CAIRO (AP) – Dozens of leaders and senior officials from Arab and Islamic countries on Sunday condemned recent Israeli measures in Jerusalem and the occupied West Bank, where violence between Israel and the Palestinians has increased.

The meeting in Cairo was hosted by the Arab League and was attended by Egyptian President Abdel Fattah el-Sissi, Jordanian King Abdullah II and Palestinian President Mahmoud Abbas along with many foreign ministers and senior officials.

Speakers at the meeting condemned Israel’s “unilateral measures” in Jerusalem and the West Bank in statements, including home demolitions and settlement expansion.

They also condemned visits by Israeli officials to the city’s disputed holy site, which is sacred to both Jews and Muslims and has often been the epicenter of Israeli-Palestinian unrest.
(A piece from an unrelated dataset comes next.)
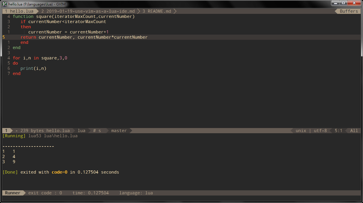 在編輯 lua 文件時(shí),可以快速運(yùn)行當(dāng)前文件,這個(gè)功能有點(diǎn)類(lèi)似于 vscode 的 code runner 插件,默認(rèn)的快捷鍵是 SPC l r。按下后, 會(huì)在屏幕下方打開(kāi)一個(gè)插件窗口,運(yùn)行的結(jié)果會(huì)被展示在窗口內(nèi)。于此同時(shí),光標(biāo)并不會(huì)跳到該插件窗口,避免影響編輯。在這里需要說(shuō)明下, 這一功能是根據(jù)當(dāng)前文件的路徑調(diào)用相對(duì)應(yīng)的 lua 命令。因此,在執(zhí)行這個(gè)快捷鍵之前,應(yīng)當(dāng)先保存一下該文件。

There were no immediate comments from the Israeli government.

Officials also expressed support for Jordan’s role as caretaker of the Al-Aqsa mosque, Islam’s third holiest site. The mosque is built on a hill in the Old City of Jerusalem, the holiest site for Jews, who call it the Temple Mount because it was the site of Jewish temples in ancient times.
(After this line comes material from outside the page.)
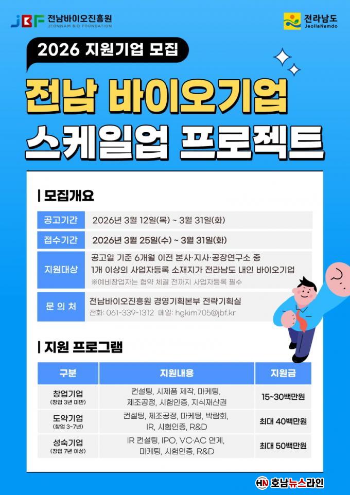 Àü³²µµ°¡ Áö¿øÇϰí Àü³²¹ÙÀÌ¿ÀÁøÈï¿øÀÌ ÁÖ°üÇÏ´Â À̹ø »ç¾÷Àº ¹ÙÀÌ¿À±â¾÷ â¾÷ºÎÅÍ ¼ºÀå±â¾÷ÀÇ ±Û·Î¹ú ÁøÃâ, ¼º¼÷±â¾÷ÀÇ »óÀå(IPO)±îÁö ¼ºÀå ´Ü°èº° ¸ÂÃã Áö¿øÀ» ÅëÇØ ¹ÙÀÌ¿À±â¾÷ÀÇ ½ºÄÉÀϾ÷À» ÃËÁøÇϱâ À§ÇØ ¸¶·ÃµÆ´Ù.

Since Israel took over the site in 1967, Jews have been allowed to visit but not to pray there. Israel claims all of Jerusalem as its undivided capital, while Palestinians seek East Jerusalem as the capital of their future state.

El-Sissi warned of dire repercussions of any Israeli steps to change the site’s status quo, saying they would “negatively impact” future negotiations to resolve the Israeli-Palestinian conflict.
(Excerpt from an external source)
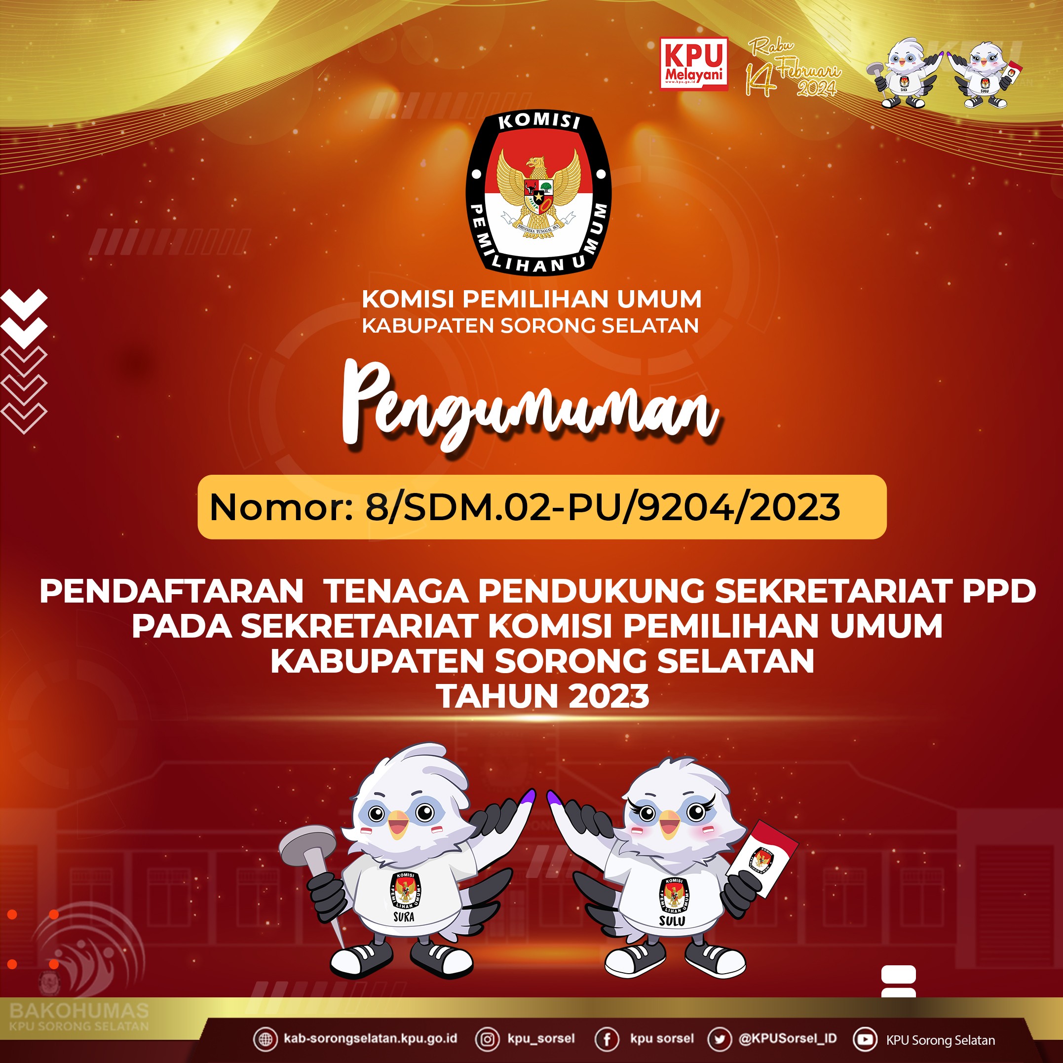 PENDAFTARAN TENAGA PENDUKUNG SEKRETARIAT PPD PADA SEKRETARIAT KOMISI PEMILIHAN UMUM KABUPATEN SORONG SELATAN TAHUN 2023

He said such measures would hamper a long-sought solution to the conflict, which would leave “both sides and the entire Middle East with difficult and grave options”.

Ahmed Aboul-Gheit, the pan-Arab organisation’s secretary general, also warned that attempts to divide the Al-Aqsa mosque and erase its Arab and Islamic identity “would fuel unending riots and violence”.

Abbas, the Palestinian president, said his administration would appeal to the United Nations and its agencies and ask for a resolution to protect the two-state solution to the conflict.

“The State of Palestine will continue to turn to international courts and organizations to protect the legitimate rights of our people,” he said.

The Cairo rally came amid one of the bloodiest bouts of fighting in recent years in Jerusalem and the occupied West Bank. Forty-five Palestinians have been killed so far this year, according to a tally by the Associated Press. Palestinians killed 10 people on the Israeli side during that time.

The ongoing wave of violence has thrown the region into turmoil. Last month, US Secretary of State Antony Blinken met with Egyptian, Israeli and Palestinian leaders and urged them to ease tensions.

Israel is led by Prime Minister Benjamin Netanyahu’s new far-right government. Many politicians in the Netanyahu administration oppose Palestinian independence.